▶ **DATASET SECTION**

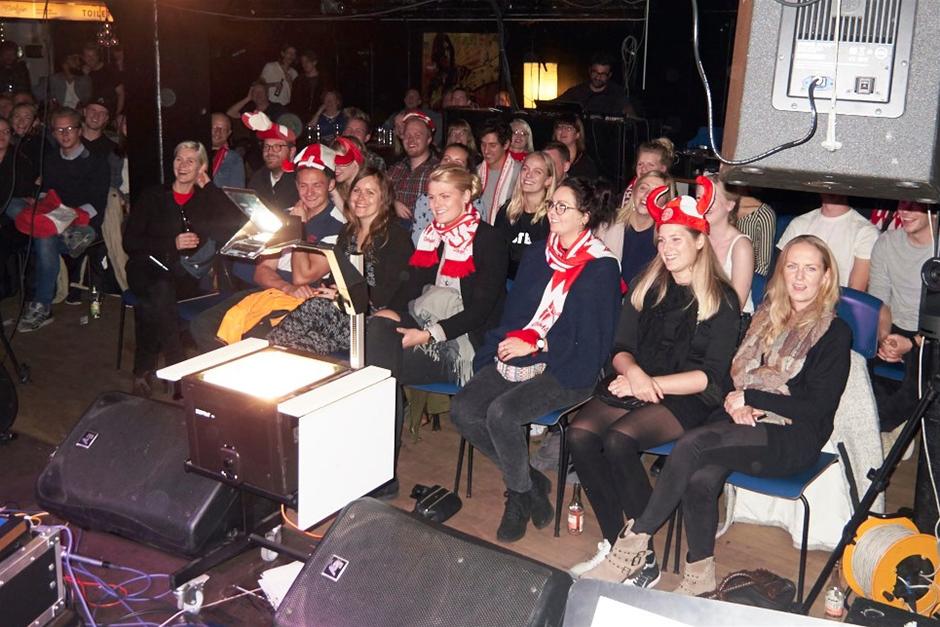 Alt imens publikum sang og råbte med - iført diverse former for roligan-udstyr. Arrangementet var støttet af DRs public outreach-pulje, hvor der er mulighed for at søge penge til live aktiviteter. Næste ansøgningsfrist er 2. december. (Foto: © Petra Kleis)
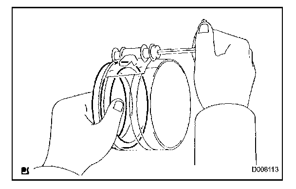(b) Using a piston ring compressor, squeeze the snap ring.
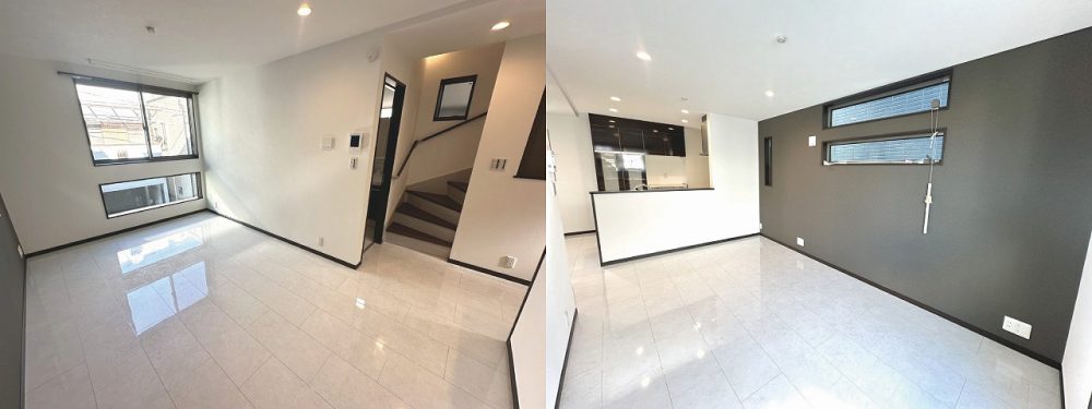 LDKは採光もしっかり。白を基調とし、スタイリッシュなアクセントクロスが空間を引き締めます。
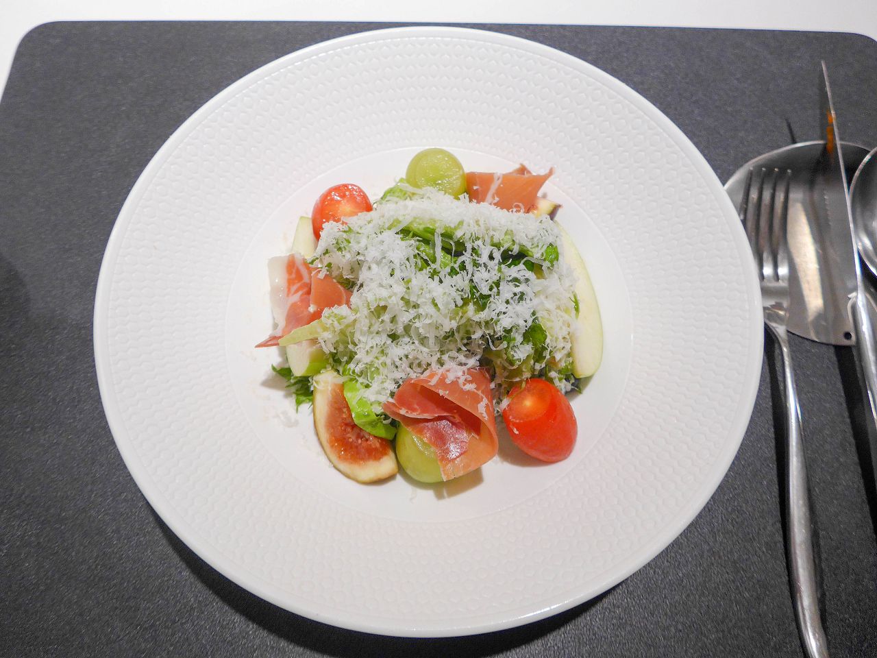 搭配著鮮甜無花果、綠葡萄、酸酸的番茄和爽脆生菜,

▶ **WHAT YOU WILL DO**
Without the pictures, output the full listing exactly as it stands.

▶ **THE COMPLETED TASK**
 Alt imens publikum sang og råbte med - iført diverse former for roligan-udstyr. Arrangementet var støttet af DRs public outreach-pulje, hvor der er mulighed for at søge penge til live aktiviteter. Næste ansøgningsfrist er 2. december. (Foto: © Petra Kleis)
(b) Using a piston ring compressor, squeeze the snap ring.
 LDKは採光もしっかり。白を基調とし、スタイリッシュなアクセントクロスが空間を引き締めます。
 搭配著鮮甜無花果、綠葡萄、酸酸的番茄和爽脆生菜,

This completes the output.